Tigers for sure! I like all the big cats but the tigers are my favorite.


----------



## smokey_joe (Oct 14, 2005)

Tigers, definately the tigers.


----------



## GodBlessPitbulls (Aug 23, 2009)

All the big Cats


----------



## redog (Oct 14, 2005)

Sadie's Dad said:


> I like the Poo flingin Monkeys HA ha ha ha ha ha


I like the "self cleaning" monkeys myself


----------



## meganc66 (Mar 6, 2009)

wolf and dogs were always my "favorite animals" and since dogs aren't at zoos, i always love the wolves 

our zoo didn't have wolves for a long time, when they finally got them i was SO excited! 
the ones at our zoo are kinda scrawny, but i still love em


----------



## BLUE PIT BULL MAN (May 22, 2009)

I like the gorillas because I can relate to them.


----------



## Lost_Kaus89 (Aug 4, 2009)

I'm kinda scared of birds but for some reason I love Penguins I think its because they can't fly lol.


----------



## Sadie's Dad (Jul 9, 2009)

redog said:


> I like the "self cleaning" monkeys myself


WOW you have White rep now LOL


----------



## redog (Oct 14, 2005)

yeah it broke and now Im impotent hehe!


----------



## MY MIKADO (Apr 7, 2006)

Zoo make me sad. It is a reminder of how man has destoyed the earth and the animals real homes. I hate the zoo.......most of the time I hate humans too.


----------



## Hirihat (May 5, 2009)

we have an awesome zoo in Memphis. It has won best zoo in the country several years running and we go about 4-5 times a year. 

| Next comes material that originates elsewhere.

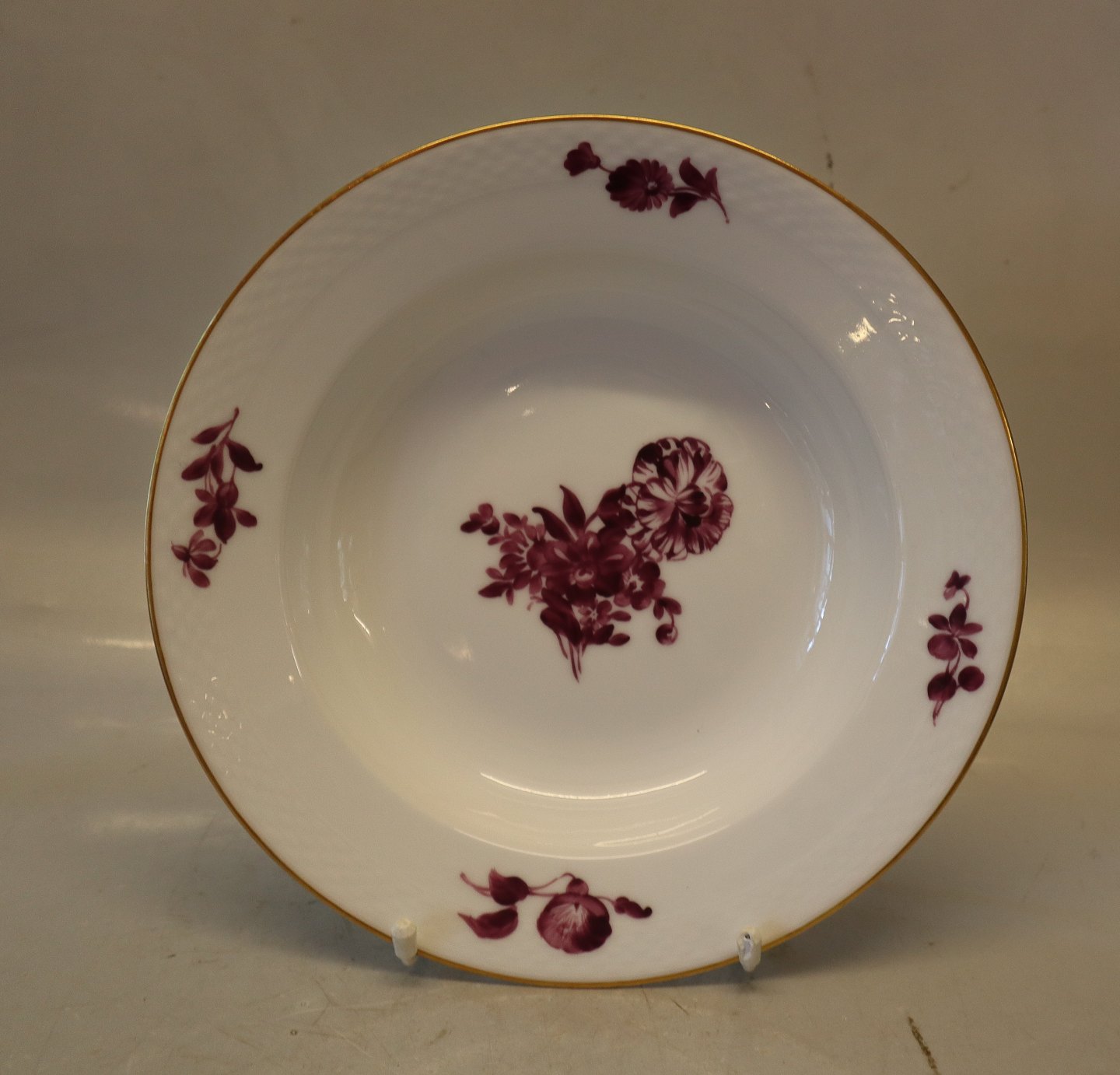 8107-427 Stor dyb tallerken 25,5 cm Purpur Blomst Kongelig Dansk Porcelæn Flettet med guldkant

That being said, I love (in no particular order)
polar bears
black bears
red pandas
white rhinos
chinese alligator
the entire herp exhibit
komodo dragons
bats
meercats
cheetahs
jaguars

well, ok, I am just a fan of all but the primates! Which sort of makes sense since I don't like most humans, either! LOL


----------



## StaffyDaddy (Mar 28, 2009)

MY MIKADO said:


> Zoo make me sad. It is a reminder of how man has destoyed the earth and the animals real homes. I hate the zoo.......most of the time I hate humans too.


.............................


----------



## ~StangChick~ (Jan 1, 2009)

Lemurs are pretty cool.....and penguins


----------



## StaffyDaddy (Mar 28, 2009)

thanks for all the replies guys... hahaha just wanted to have a little fun!!


----------



## South_Stockton (Sep 21, 2009)

Elephants for me.
theres an elephant on youtube that paints other elephants. amazing


----------



## 9361 (Jun 25, 2009)

At my hometown Zoo my favorite is the Polar Bears. They have a really neat habitat for them and you can see them swimming under water.

The best Zoo animal ever is the Giant Panda. But I am a panda lover to the extreme.


----------